To provide a can inner / outer surface inspection device capable of reliably processing an unstable pixel portion of an inspection image to extract only a defective portion of the inspection image, performing the inspection at a high speed, and being configured with a simple circuit. It was made for the purpose.

[0007]

In order to solve the above-mentioned problems, a can inner / outer surface inspection apparatus of the present invention comprises an inspection table provided with a rotating table for rotating the can, and a can for feeding and sending the can to this inspection table. Conveyance means, a visual inspection camera that faces the inspection table and takes an image by dividing the circumferential direction of the can to inspect the external appearance of the can, and controls the rotation of the rotary table for the divided imaging by the camera. Drive means, a mark detection sensor for detecting a reference point mark printed in advance on the can, a control means for emitting a trigger signal by the detection of the reference point mark by this sensor, and imaging the camera and driving the drive means, An image processing comparison means for picking up an image of a non-defective product in advance for each circumferential division of the can by the camera, storing the image as a reference image, comparing it with the inspection image, and inspecting its quality is provided. Than it is.

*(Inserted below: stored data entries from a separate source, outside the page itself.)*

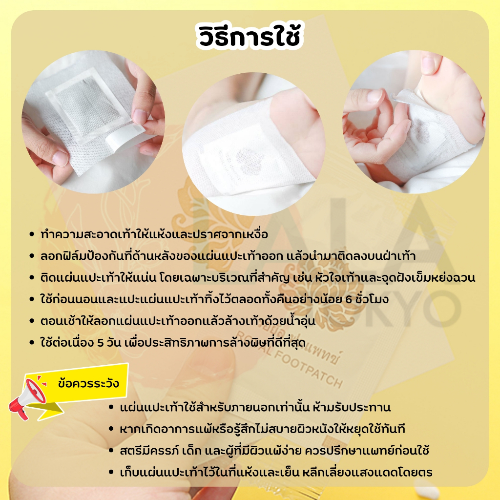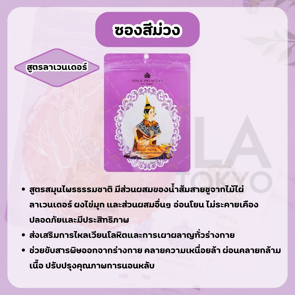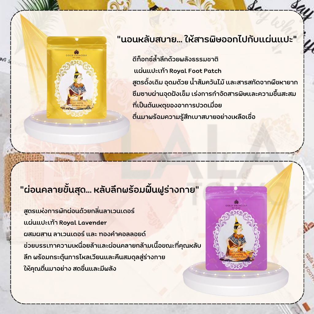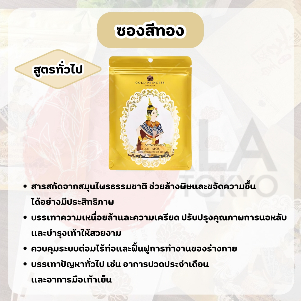 ROYAL DETOXIFICATION FOOT PATCH โกล์ดปริ้นเซส แผ่นแปะเท้านางรำ1ซอง10แผ่น เพื่อสุขภาพที่ดี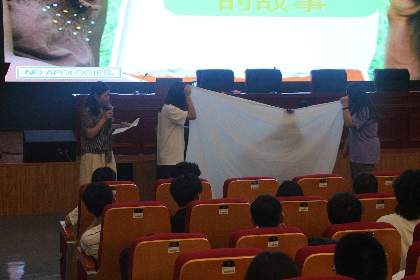 随后茅木花老师用数据说话,她向同学们展示了大学生性行为及大学生对恋爱的想法的调查数据,数据显示中国的性观念开放,性知识却没跟上。茅木花老师还邀请同学们上台表演情景剧,通过情景剧请明白在与异性交往中要设立界限才能获得真正的自由,才能让青春无悔。她教育同学们应要早知道并了解性知识,要通过正确的渠道获得性教育方面的知识,要有正确的恋爱观。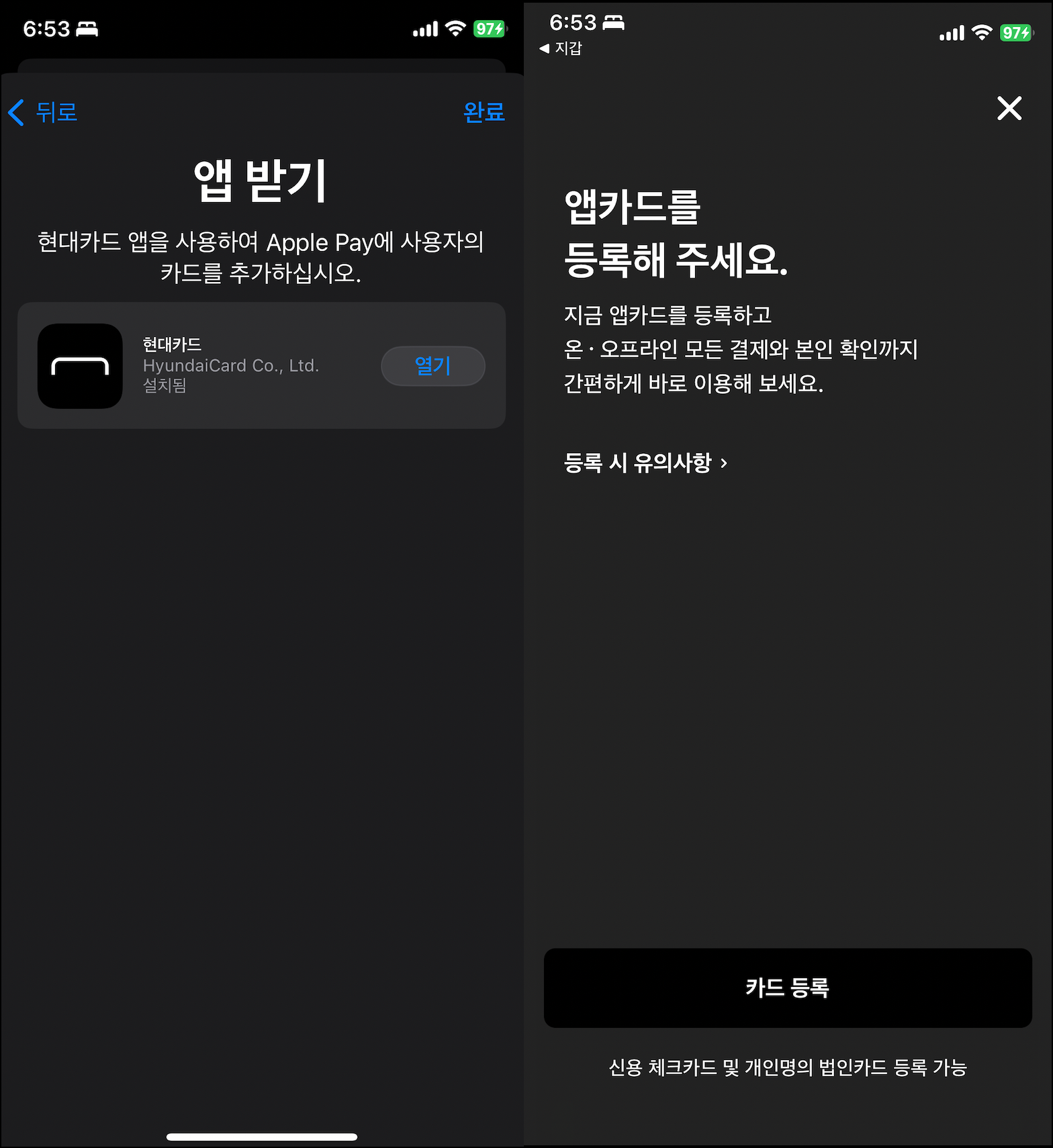 그 이후 저의 아이폰 화면에서는 앱 받기에 현대카드가 뜹니다. 알고봤더니 아이폰에 현대카드 앱이 반드시 설치되어야 합니다. 이 과정에서 카드 등록 메뉴 선택하면 됩니다.

Further, in the image processing apparatus of the present invention, when the image of a non-defective product is picked up in advance and stored as a reference image, the input image is expanded or contracted and stored, and the inspection image is stored. When comparing with the reference image, the unstable pixel portion of the contour portion of the inspection image is included or excluded to perform comparison.

[0009]

According to the present invention, with the above-described structure, the can is carried into the inspection table, and the can is rotated by the rotating table to detect the reference point mark previously marked on the can. The can is rotated by the turntable starting from, and the appearance of the cylindrical can is divided by the appearance inspection camera in the circumferential direction by the rotation control of the turntable by the control means, and the images are taken at each divided position. By comparing the inspection image of the can appearance with the reference image, the quality of the can can be inspected.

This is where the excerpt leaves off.